**ASSIGNED TASK:** Output the line that contains "Portrait of a" together with each line after it, through the final line of the listing below, word for word; omit pictures.

**RECORDS SHOWN:**
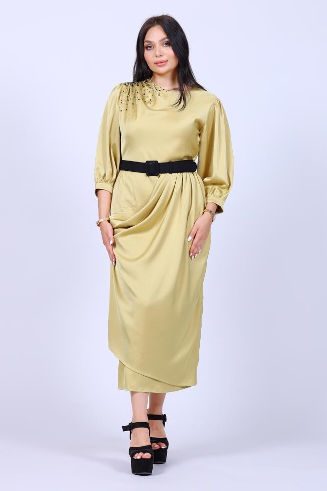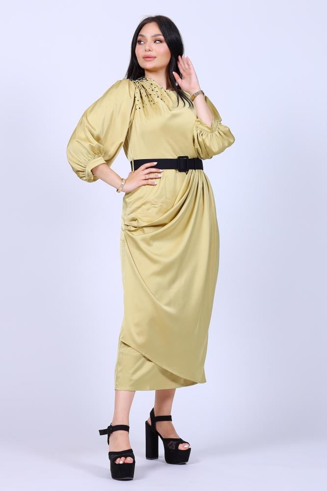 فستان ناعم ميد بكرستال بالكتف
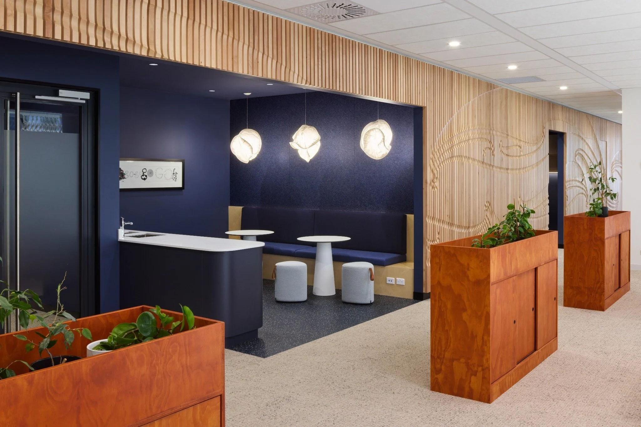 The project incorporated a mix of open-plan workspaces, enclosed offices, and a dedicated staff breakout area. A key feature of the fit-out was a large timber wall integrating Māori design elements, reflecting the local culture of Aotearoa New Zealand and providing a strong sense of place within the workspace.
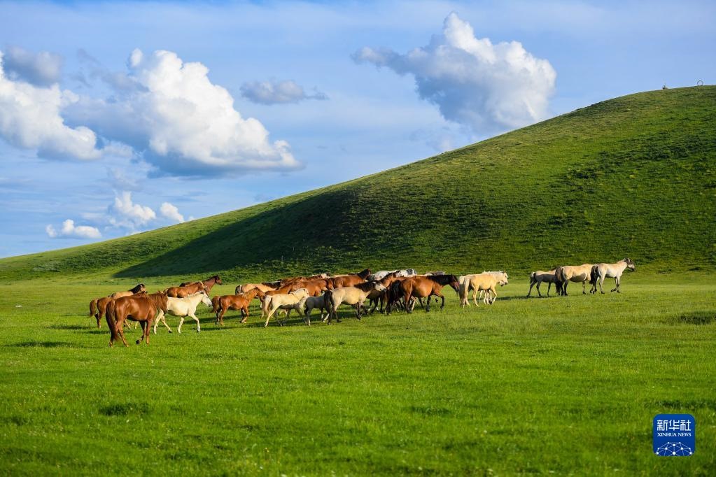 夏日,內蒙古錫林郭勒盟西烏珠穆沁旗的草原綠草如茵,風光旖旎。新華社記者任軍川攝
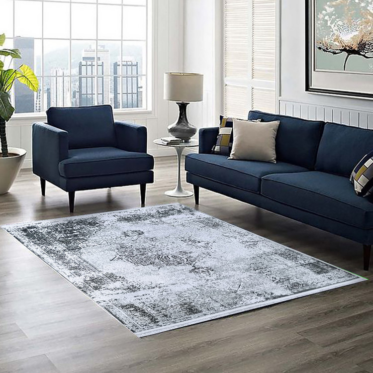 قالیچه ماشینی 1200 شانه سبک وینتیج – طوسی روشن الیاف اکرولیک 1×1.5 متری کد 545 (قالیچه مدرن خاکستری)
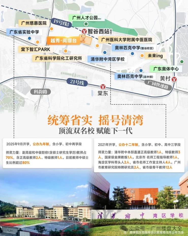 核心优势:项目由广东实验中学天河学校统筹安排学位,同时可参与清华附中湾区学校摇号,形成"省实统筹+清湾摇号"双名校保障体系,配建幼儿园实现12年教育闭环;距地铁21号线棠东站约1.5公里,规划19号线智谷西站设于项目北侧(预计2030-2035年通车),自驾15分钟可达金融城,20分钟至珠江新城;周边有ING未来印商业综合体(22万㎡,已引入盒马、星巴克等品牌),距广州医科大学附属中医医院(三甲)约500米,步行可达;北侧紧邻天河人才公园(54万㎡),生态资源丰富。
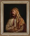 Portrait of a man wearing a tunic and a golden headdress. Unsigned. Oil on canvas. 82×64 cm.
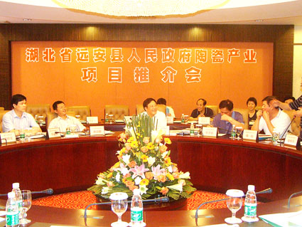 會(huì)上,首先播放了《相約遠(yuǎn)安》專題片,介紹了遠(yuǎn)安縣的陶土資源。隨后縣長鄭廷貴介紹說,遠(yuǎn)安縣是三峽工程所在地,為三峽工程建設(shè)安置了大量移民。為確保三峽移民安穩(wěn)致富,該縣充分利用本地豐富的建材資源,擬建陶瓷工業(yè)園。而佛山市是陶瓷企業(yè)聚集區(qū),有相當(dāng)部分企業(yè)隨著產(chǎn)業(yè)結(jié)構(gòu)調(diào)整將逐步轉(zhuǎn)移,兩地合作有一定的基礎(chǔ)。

**WRITTEN RESPONSE:**
 Portrait of a man wearing a tunic and a golden headdress. Unsigned. Oil on canvas. 82×64 cm.
 會(huì)上,首先播放了《相約遠(yuǎn)安》專題片,介紹了遠(yuǎn)安縣的陶土資源。隨后縣長鄭廷貴介紹說,遠(yuǎn)安縣是三峽工程所在地,為三峽工程建設(shè)安置了大量移民。為確保三峽移民安穩(wěn)致富,該縣充分利用本地豐富的建材資源,擬建陶瓷工業(yè)園。而佛山市是陶瓷企業(yè)聚集區(qū),有相當(dāng)部分企業(yè)隨著產(chǎn)業(yè)結(jié)構(gòu)調(diào)整將逐步轉(zhuǎn)移,兩地合作有一定的基礎(chǔ)。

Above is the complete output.